= Ravi Deepres =

British artist

Ravi Deepres is a British artist who works with lens based and screen based media. He has worked extensively with contemporary dance companies, including Wayne McGregor Random Dance Company (UK) and Karas (Japan), and with the British avant garde music group, :zoviet*France:. His first solo exhibition, Patriots, shown at the Hatton Gallery, Newcastle upon Tyne, UK, in 2003, explored aspects of patriotic and national identity around the football World Cup and European Championships.

Deepres works as a lecturer in photography and moving image at the Birmingham Institute of Art and Design, part of Birmingham City University.

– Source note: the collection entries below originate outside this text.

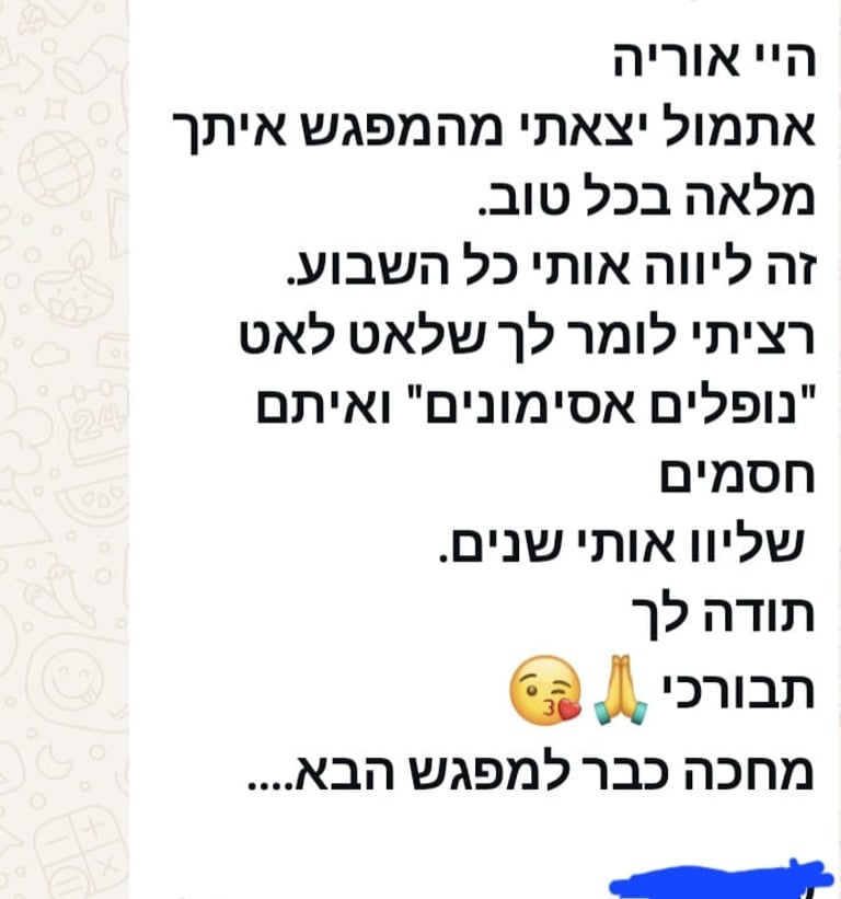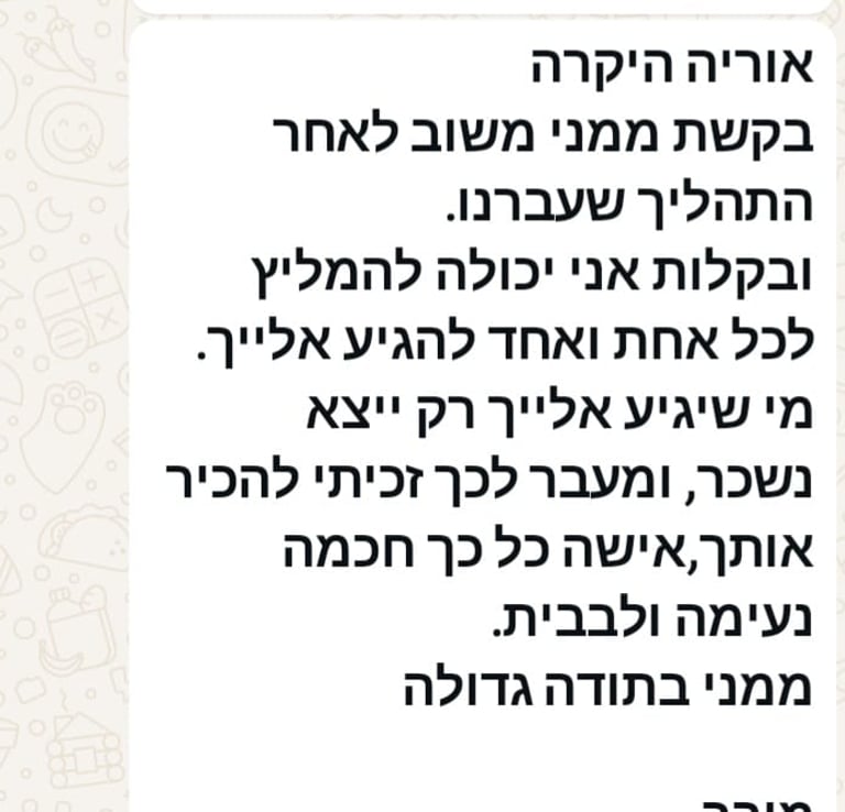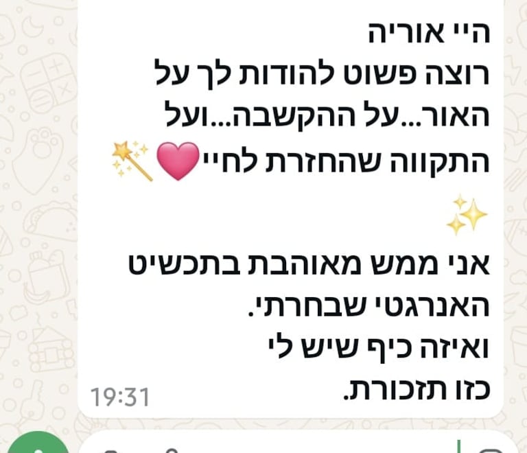 ✓ תהליך עומק: ליווי רגשי, אימוני וכלים מעשיים ליצירת שינוי בחייך.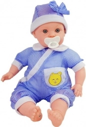 Oblečena je v modro pižamo z belimi detajli, ki jo je mogoče enostavno sleči in oprati, zato bo punčka vedno čista. Del kompleta sta tudi steklenička in duda za še bolj verodostojno nego.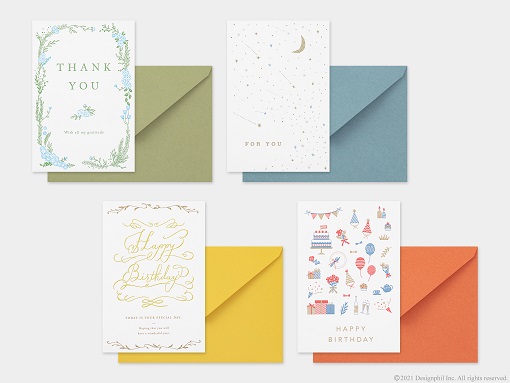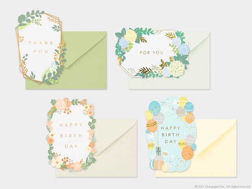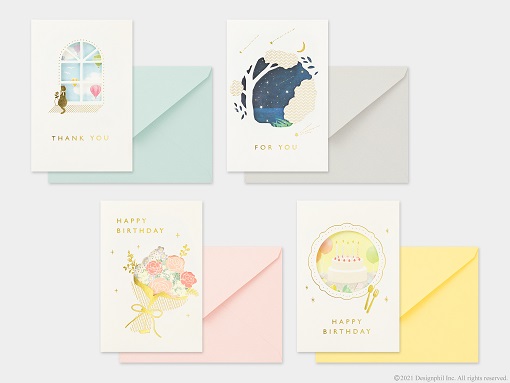 好評発売中の、大切な人への想いを届けるカードのラインアップに、『レーザーカットカード』『窓付きカード』『活版カード』『色箔カード』の4つのタイプが加わります。いずれも、誕生日や記念日のお祝いはもちろん、卒業や感謝を伝えるシーンで気持ちを伝えたいときにぴったりです。

== Selected screen based works ==
- still.moving - A collaboration with :zoviet*France:, commissioned by David Metcalfe Associates (Newcastle upon Tyne, UK), for screening during live performances by :zoviet*France:.
- Tyneside Journey (2000) - A collaboration with :zoviet*France:, commissioned by Newcastle City Council, UK.
- Tremor (2005) Commissioned by Channel 4 and Arts Council England. Sound by :zoviet*France:.
- Runner (2006) - A co-directed and produced with Michael Baig Clifford. Commissioned by the Great North Run Cultural Programme (Newcastle and Gateshead), UK. Soundtrack by :zoviet*France:.
- Obscura (2007) - A choreographed film about the loss of sight and the gaze using the creation of a moving camera obscura. Screened at Royal Academy London, as an installation at Rugby Museum and Art Gallery, Star Space Shanghai, Hereford Film Festival, and Wolverhampton Art Gallery.

== Selected photographic projects ==
- Absolute Zero (2000) - Original photography for the artwork of the compilation CD album Absolute Zero.
- Patriots (2003) - First solo exhibition, Hatton Gallery, Newcastle upon Tyne, UK.